Nitrotriazolone (NTO) is a heterocyclic ketone high explosive first identified in 1905, but research into its explosive properties was not conducted until the 1980s. NTO is currently being used by the US Army in munitions, specifically Insensitive munitions replacing those made with legacy explosives.

Nitrotriazolone is being progressively made use of in novel explosive formulations, such as IMX-101, a new, safer alternative to TNT specially devised in 2010 by BAE Systems, where it is combined with 2,4-Dinitroanisole and Nitroguanidine. As such, NTO is found in the vast majority of IMX formulations. The Picatinny Arsenal has also adopted the implementation of NTO and DNAN in many of their likewise newly developed insensitive explosive mixtures, which share many of the same applications of the IMXs.

Properties 
Nitrotriazolone shows keto–enol tautomerism through proton transfer reactions. The keto form shows significantly different stability to heat, friction, and impact.

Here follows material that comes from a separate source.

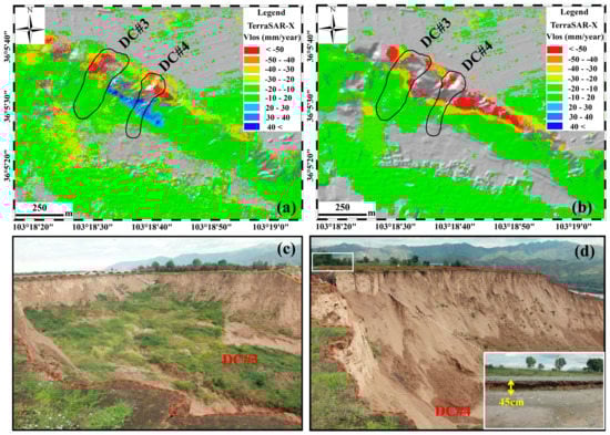 The Dangchuan landslide group. (a) Average line-of-sight deformation rate map calculated with ascending TerraSAR-X data from February 2016 to November 2016; (b) Average line-of-sight deformation rate map calculated with descending TerraSAR-X data from January 2016 to November 2016; (c) A scene photo of the Dangchuan No.3 landslide (DC#3). The red dotted line represents the boundary of the landslide; (d) A scene photo of the Dangchuan No.4 landslide (DC#4). The red dotted line represents the boundary of the landslide.

Nitrotriazolone can form either mono or a di hydrate.

Preparation 
NTO was first made in 1905 in a two step process. Semicarbazide hydrochloride is condensed with formic acid to produce 1,2,4-triazol-3-one, which is nitrated with nitric acid to form nitrotriazolone.

Toxicity 
In vivo studies showed the nitrotriazolone is absorbed through the skin and gastrointestinal tract. In the kidneys, NTO is broken down into 5-amino-1,2,4-triazol-3-one, which undergoes oxidative denitrification and forms urazoles and nitrites in rats.